We know total surface area of cuboid \( =2({lb}+{lh}+{bh}) \)
For bigger box
Length of bigger box \( =25 {~cm} \)
Breadth of bigger box \( =20 {~cm} \)
Height of bigger box \( =5 {~cm} \)
Total surface area of bigger box \( =2({lb}+{lh}+{bh}) \)
\( =[2(25 \times 20+25 \times 5+20 \times 5)] {cm}^{2}\)
\(=[2(500+125+100)] {cm}^{2}\)
\(=1450 {~cm}^{2} \)
Extra area required for overlapping \( =5 \% \) of the total surface area of bigger box
Extra area required for overlapping \( = \)
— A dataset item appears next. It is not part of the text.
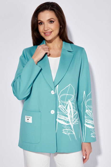 Жакет женский, облегченный, выполнен из трикотажного полотна, без подкладки, прямого силуэта с длинным втачным рукавом. Воротник пиджачного типа с лацканами. Застежка однобортная на петли и пуговицы. Левая полочка и рукав акцентированы ярким принтом. На правой полочке накладной карман с декоративной нашивкой. Спинка со средним швом.

\(=\frac{1450 \times 5}{100} {~cm}^{2}\)
\(=72.5 {~cm}^{2}\)
While considering all overlaps, total surface area of 1 bigger box \( =(1450 +72.5) \ {cm}^{2}=1522.5 {~cm}^{2} \)
Area of cardboard sheet required for 250 such bigger boxes \( =(1522.5 \times 250 ){cm}^{2} \)
\(=380625 {~cm}^{2}\)
Similarly, total surface area of smaller box
\(=\left[2(15 \times 12+15 \times 5+12 \times 5] {cm}^{2}\right.\)
\(=[2(180+75+60)] {cm}^{2}\)
\(=(2 \times 315) {cm}^{2}\)
\(=630 {~cm}^{2}\)
Therefore, extra area required for overlapping \( =5 \% \) of the total surface area of smaller box
Therefore, extra area required for overlapping \( =\frac{630 \times 5}{100} {~cm}^{2} \)
\(=31.5 {~cm}^{2}\)
Total surface area of 1 smaller box while considering all overlaps \( =(630 +31.5) \ {cm}^{2} \)
\(=661.5 {~cm}^{2}\)
Area of cardboard sheet required for 250 smaller boxes \( =(250 \times 661.5) \) \( {cm}^{2} \)
\(=165375 {~cm}^{2}\)
Total cardboard sheet required
\(=(380625+165375) {cm}^{2}\)
\(=546000 {~cm}^{2}\)
Cost of \( 1000 {~cm}^{2} \) cardboard sheet \( = \) Rs 4
Cost of \( 546000 {~cm}^{2} \) cardboard sheet
\(=\frac{546000 \times 4}{1000}\)
\(=\text { Rs } 2184\)
Therefore, the cost of cardboard sheet required for 250 such boxes of each kind will be Rs 2184

Length (l) of shelter \( =4 {~m} \)
Breadth (b) of shelter \( =3 {~m} \)
Height (h) of shelter \( =2.5 {~m} \)
Tarpaulin will be required for the top and four wall sides of the shelter
Now the area of tarpaulin \(=\) Area of four sides \(\)+ Area of the top
Area of Tarpaulin required \( =2({lh}+{bh})+{l~b} \)
\(=[2(4 \times 2.5+3 \times 2.5)+4 \times 3] {m}^{2}\)
\(=[2(10+7.5)+12] {m}^{2}\)
\(=47 {~m}^{2}\)
Therefore, \( 47 {~m}^{2} \) Tarpaulin will be required.